[Opening Information supplied section]
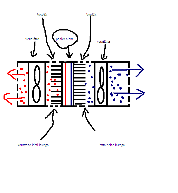 Az egeszrol mellékeltem egy skiccet, eleg bena, de latszik, hogy egy 40x40 es belso keresztmetszetű, 2 végén nyitott, oldalt a beáramlo levegőnek felsliccelt dobozba tenném. (tölgyfából, ahogy az egész hűtő is abból lesz. a hütütt teret a fütöttöl a peltier elem valasztana el.
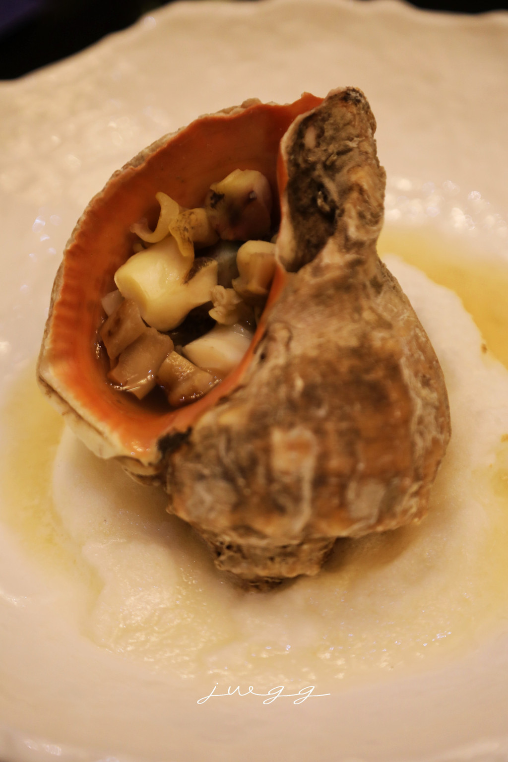 海螺松茸汤比较吸引我,海螺壳为器皿,里面是海螺肉和松茸汤,汤汁鲜美,有一点点松茸的味道更多的是海螺的鲜味儿,上菜的时候还会燃起火焰,特别惊喜
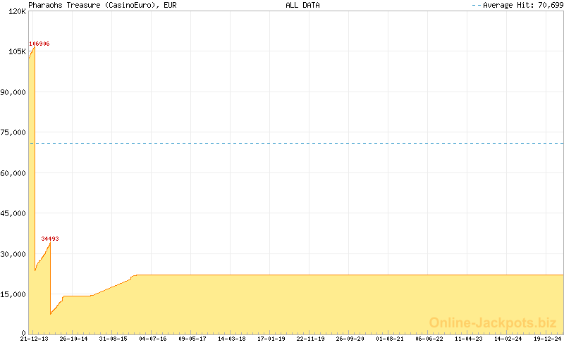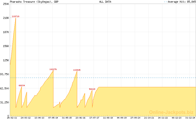 The largest ever hit Pharaohs Treasure jackpot of £252,392.58 was hit by UK Player Sandra on January 24, 2011 at William Hill Vegas. Every casino has its own pools of the Pharaohs Treasure jackpots, so visit the corresponding casino site to play for the highest scored jackpot. The RTP for this slot machine is very high - up to 97.5% and more.
[Closing Information supplied section]
◆ What you have to do ◆
Down to the last line, print the material exactly, but not its pictures.

◆ Result for this task ◆
 Az egeszrol mellékeltem egy skiccet, eleg bena, de latszik, hogy egy 40x40 es belso keresztmetszetű, 2 végén nyitott, oldalt a beáramlo levegőnek felsliccelt dobozba tenném. (tölgyfából, ahogy az egész hűtő is abból lesz. a hütütt teret a fütöttöl a peltier elem valasztana el.
 海螺松茸汤比较吸引我,海螺壳为器皿,里面是海螺肉和松茸汤,汤汁鲜美,有一点点松茸的味道更多的是海螺的鲜味儿,上菜的时候还会燃起火焰,特别惊喜
 The largest ever hit Pharaohs Treasure jackpot of £252,392.58 was hit by UK Player Sandra on January 24, 2011 at William Hill Vegas. Every casino has its own pools of the Pharaohs Treasure jackpots, so visit the corresponding casino site to play for the highest scored jackpot. The RTP for this slot machine is very high - up to 97.5% and more.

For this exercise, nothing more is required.